El personal de alta dirección, los propietarios de negocios y los socios en empresas profesionales deben hacer tiempo para crear una visión de éxito para sus negocios. Necesitan definir la dirección futura del negocio en términos de fundamento comercial y prioridades. Las cuestiones que son cruciales al éxito del negocio deben ser identificadas y abordadas vigorosamente. No se debe permitir que el trabajo interfiera en el camino al futuro éxito.
¡Si sólo se permitiera que los negocios fueran así de simples! Las subsidiarias y divisiones de grandes compañías frecuentemente sufren procedimientos de planificación empresarial burocráticos impuestos por la compañía central. Los propietarios de negocios y socios en empresas profesionales permiten que el trabajo diario los sumerja.
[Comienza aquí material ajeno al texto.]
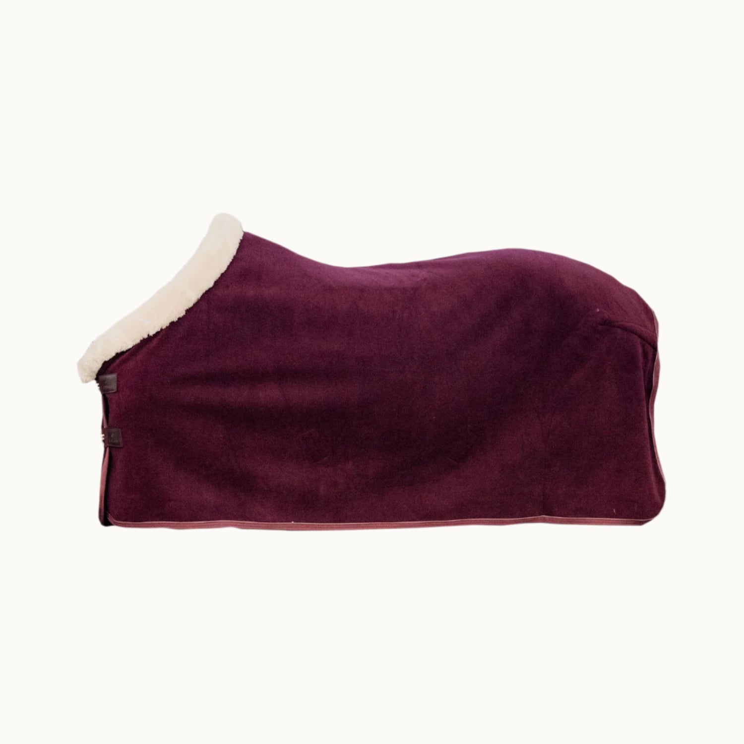 The rug is highly absorbent and quickly wicks away sweat or water. The entire neck and chest are covered with vegan sheepskin, which not only provides warmth but also adds comfort. The rug is finished with vegan leather piping and elegant front closures.

Después de dictar una conferencia a miles de directores y de trabajar con docenas de clientes empresariales como un consultor administrativo, he encontrado que una cosa está clara: mientras que las técnicas de administración estratégicas son ampliamente conocidas, muchas personas poseen una marcada falta de habilidad para administrar estratégicamente. Aun así presencian seminarios buscando las últimas técnicas como si fueran a encontrar una panacea.
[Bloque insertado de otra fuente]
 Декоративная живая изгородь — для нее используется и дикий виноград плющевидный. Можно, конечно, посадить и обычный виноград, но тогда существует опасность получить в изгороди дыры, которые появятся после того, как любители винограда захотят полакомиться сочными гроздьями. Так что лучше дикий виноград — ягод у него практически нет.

La administración estratégica es simple, anticuada y no se le debe permitir tornarse complicada. Los hombres de negocios exitosos conocen la calle y están en contacto con el mercado; es improbable que gasten tiempo utilizando técnicas de planificación sofisticadas.
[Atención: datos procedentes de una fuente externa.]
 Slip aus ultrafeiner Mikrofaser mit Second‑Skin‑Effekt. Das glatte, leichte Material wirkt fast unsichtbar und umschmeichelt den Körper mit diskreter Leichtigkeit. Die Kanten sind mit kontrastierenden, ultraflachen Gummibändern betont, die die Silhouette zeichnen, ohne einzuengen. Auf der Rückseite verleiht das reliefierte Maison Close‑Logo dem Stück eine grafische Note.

Los comentarios realizados por el personal de alta dirección o directores de tres compañías bien conocidas, cada una con ventas anuales de más de £1 billón, explican el problema:
Cuando ingresé en la compañía, heredé un proceso de planificación empresarial que no era nada más que el sistema de pronóstico más caro e inadecuado en Christendom (gerente, compañía de alimentos y bebidas).
Nuestra planificación de negocios anual es utilizada por diversas subsidiarias para intentar justificar financiarlas para continuar haciendo más de lo mismo, cuando se necesitan nuevas iniciativas importantes (gerente de un grupo que se ha desecho de diversas subsidiarias desde entonces).
Recién he sufrido el dolor anual de someter el plan de negocios para los próximos cinco años para mis subsidiarias. ¡Por lo menos la oficina central deja de fastidiarme! (Principal director de consejo, grupo de ingeniería).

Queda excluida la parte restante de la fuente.